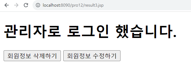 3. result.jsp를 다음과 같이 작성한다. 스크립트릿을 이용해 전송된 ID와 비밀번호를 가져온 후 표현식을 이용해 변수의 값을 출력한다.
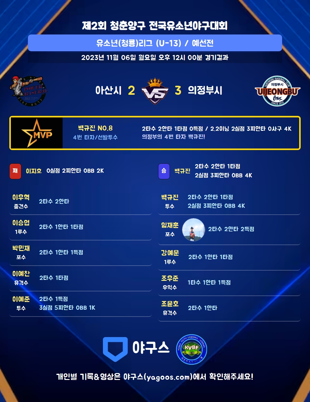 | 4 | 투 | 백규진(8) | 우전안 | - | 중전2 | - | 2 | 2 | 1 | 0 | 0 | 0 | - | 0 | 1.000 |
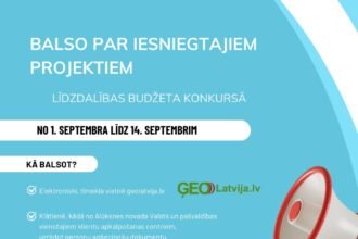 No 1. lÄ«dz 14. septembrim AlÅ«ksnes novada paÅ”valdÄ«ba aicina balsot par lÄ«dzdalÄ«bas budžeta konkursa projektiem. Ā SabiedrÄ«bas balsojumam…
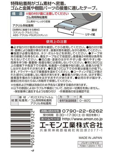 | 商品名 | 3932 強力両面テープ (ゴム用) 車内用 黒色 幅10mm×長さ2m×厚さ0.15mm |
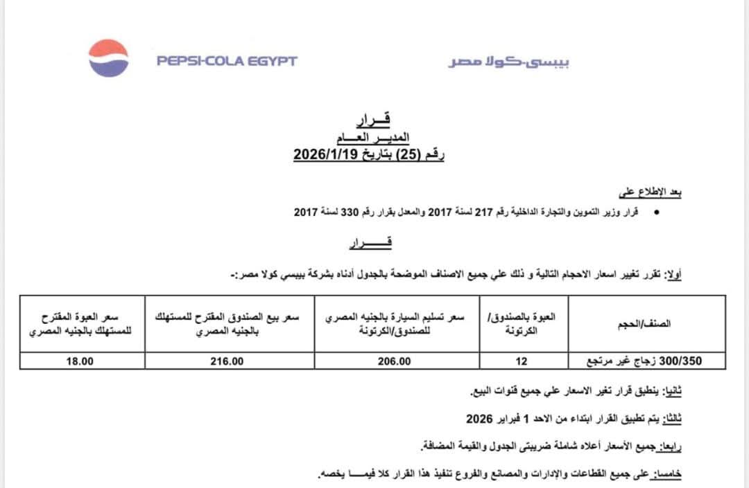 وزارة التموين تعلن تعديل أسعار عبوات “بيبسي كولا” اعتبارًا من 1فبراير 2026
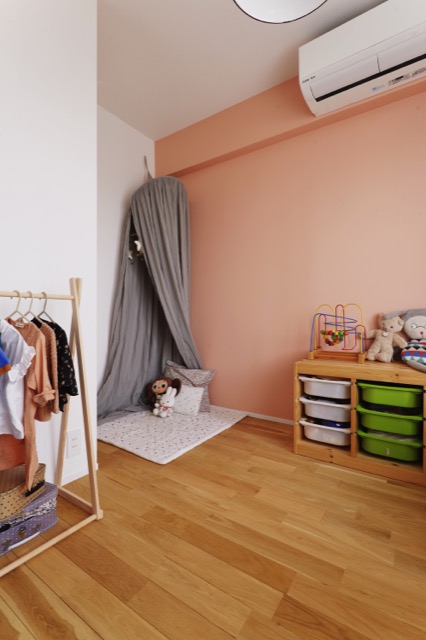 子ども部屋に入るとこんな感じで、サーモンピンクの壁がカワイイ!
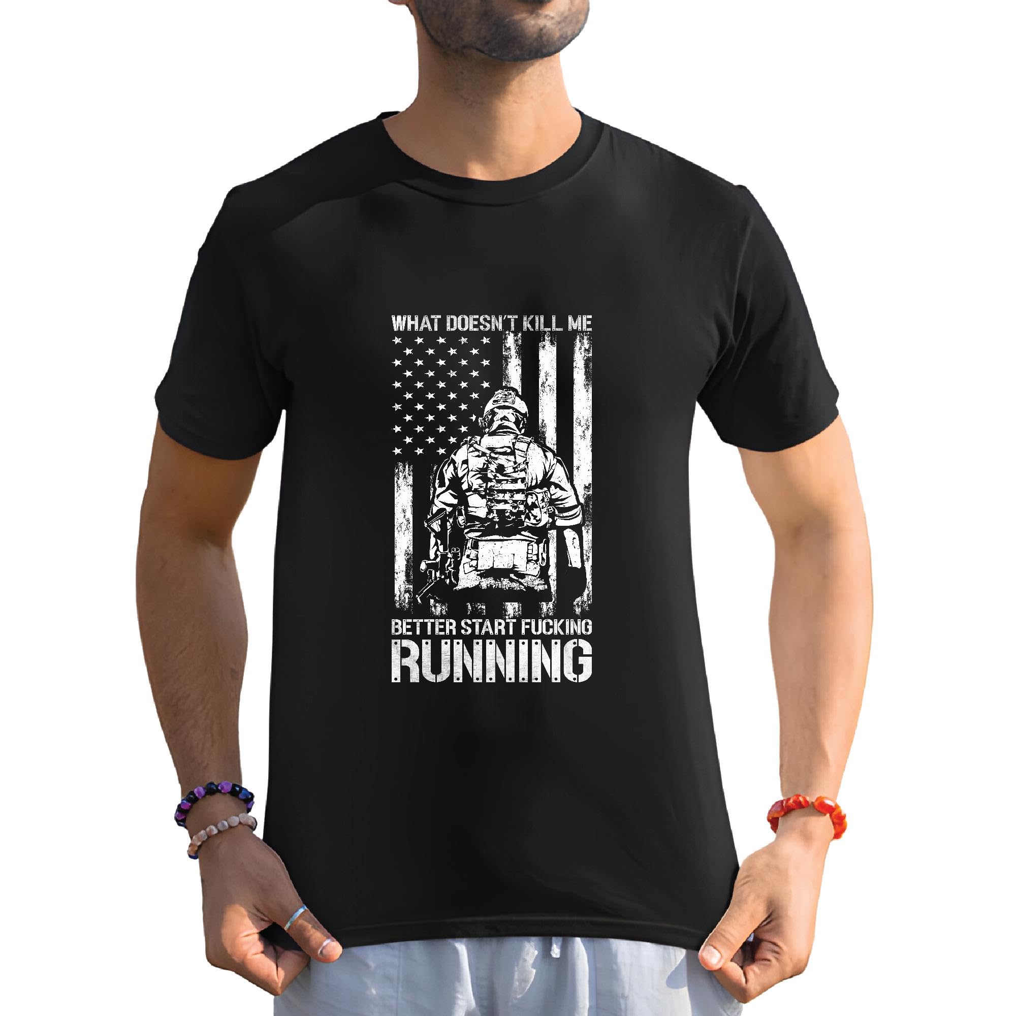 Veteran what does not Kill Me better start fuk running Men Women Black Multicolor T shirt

### Work instructions
Output the listing exactly, pictures excluded.

### Your solution
 3. result.jsp를 다음과 같이 작성한다. 스크립트릿을 이용해 전송된 ID와 비밀번호를 가져온 후 표현식을 이용해 변수의 값을 출력한다.
 | 4 | 투 | 백규진(8) | 우전안 | - | 중전2 | - | 2 | 2 | 1 | 0 | 0 | 0 | - | 0 | 1.000 |
 No 1. lÄ«dz 14. septembrim AlÅ«ksnes novada paÅ”valdÄ«ba aicina balsot par lÄ«dzdalÄ«bas budžeta konkursa projektiem. Ā SabiedrÄ«bas balsojumam…
 | 商品名 | 3932 強力両面テープ (ゴム用) 車内用 黒色 幅10mm×長さ2m×厚さ0.15mm |
 وزارة التموين تعلن تعديل أسعار عبوات “بيبسي كولا” اعتبارًا من 1فبراير 2026
 子ども部屋に入るとこんな感じで、サーモンピンクの壁がカワイイ!
 Veteran what does not Kill Me better start fuk running Men Women Black Multicolor T shirt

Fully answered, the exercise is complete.